# Distance between hives?



## chaindrivecharlie (Apr 6, 2008)

Our hives are about 18 inches apart, no problems.


----------



## RayMarler (Jun 18, 2008)

I set mine in pairs, side by side, with space between the pairs to set another hive if needed.


----------



## Ignots (May 6, 2011)

I have racks that hold 6 hives each...4-6 inches apart...no problems. Have duel 1" reflectors at each entrance, mixing colors for each set of hives.


----------



## Beregondo (Jun 21, 2011)

They should be at least far enough apart to slip a piece of paper btw them.
I have some 4 & 5 frame wide colonies sharing the same box with a 1/8" masonite divider btw them.

Entance distance is another matter. The colonies mentioned above have ther entrances on opposite sides of the box, for instance.


----------



## flyingbrass (Jul 2, 2011)

inches apart but in pairs so you can walk between them


----------



## Goat Man (Nov 23, 2011)

Thanks for your replies. It seems, as usual, the bees will adapt to just about anything.


----------



## Michael Bush (Aug 2, 2002)

Mine are all touching...


----------



## mmmooretx (Jun 4, 2012)

Interesting. I would have guessed a minimum of 6-8 inches so you can grab the hive boxes on the sides.


----------



## Goat Man (Nov 23, 2011)

Hive boxes have hand grip slots on the front and back too.


----------



## Michael Bush (Aug 2, 2002)

Actually I ordered mine without handholds on the sides...

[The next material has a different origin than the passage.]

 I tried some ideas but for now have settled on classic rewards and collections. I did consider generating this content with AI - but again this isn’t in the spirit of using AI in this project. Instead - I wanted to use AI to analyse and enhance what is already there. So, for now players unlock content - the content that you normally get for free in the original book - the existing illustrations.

http://www.bushfarms.com/images/Clip.jpg

They were cheaper that way...


----------



## Goat Man (Nov 23, 2011)

I build all of mine. So I put them where I want them.

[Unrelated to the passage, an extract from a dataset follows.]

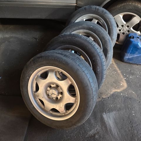 Erittäin siisitikuntoiset MB W212 vanteet A2124015802, 8jx16 et 46. Renkaat jo hiukan iäkkäät Continental ContiWinterContact 225/55 R16 (MO).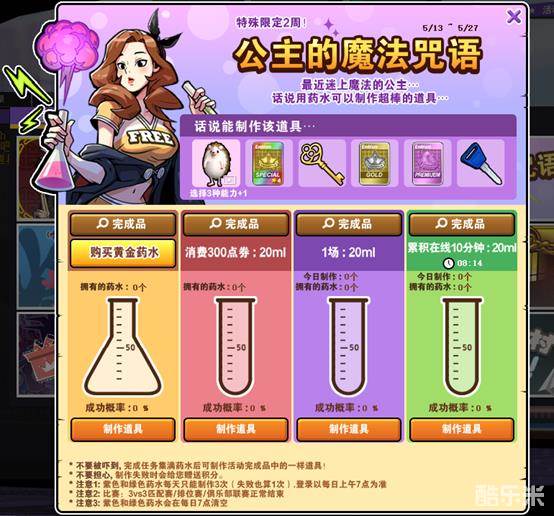 5月13日服务器维护后~5月27日服务器维护前,玩家参与公主的魔法咒语活动完成任务集满药水后可以制作活动完成品中的一样道具。制作失败时会给您赠送积分。紫色和绿色药水每天只能制作三次(失败也算一次)。登录以每日上午7点为准。3V3匹配赛&俱乐部联赛中可以进行活动。紫色和绿色药水会在每日7点清空。

But, I only have 20 hives so far.


----------



## Goat Man (Nov 23, 2011)

Mike, where do you get your hives??

I see they have plywood tops. Do you paint them or cover with metal or both?

Thanks Mike


----------



## Keth Comollo (Nov 4, 2011)

I put two to a stand far enough apart so I can tip them and weigh them in fall.


----------



## Goat Man (Nov 23, 2011)

Keth, what is ur method of weighing them?
I need to weigh mine but have not figured out the best way to do it.


----------



## Keth Comollo (Nov 4, 2011)

Tilt them to one side. Put a heavy duty package scale under it and balance it on the bottom board. 150 lbs or more for a hive with two deeps and a medium. If underweight you feed till they get there. 4 lbs of sugar equals about 5 lbs in hive weight no matter what ratio you serve it. 2:1 is suggested.


----------



## Michael Bush (Aug 2, 2002)

>Mike, where do you get your hives??

I ordered them that way from Miller Bee Supply.

>I see they have plywood tops. Do you paint them or cover with metal or both?

Neither. I boil them in beeswax and rosin.


----------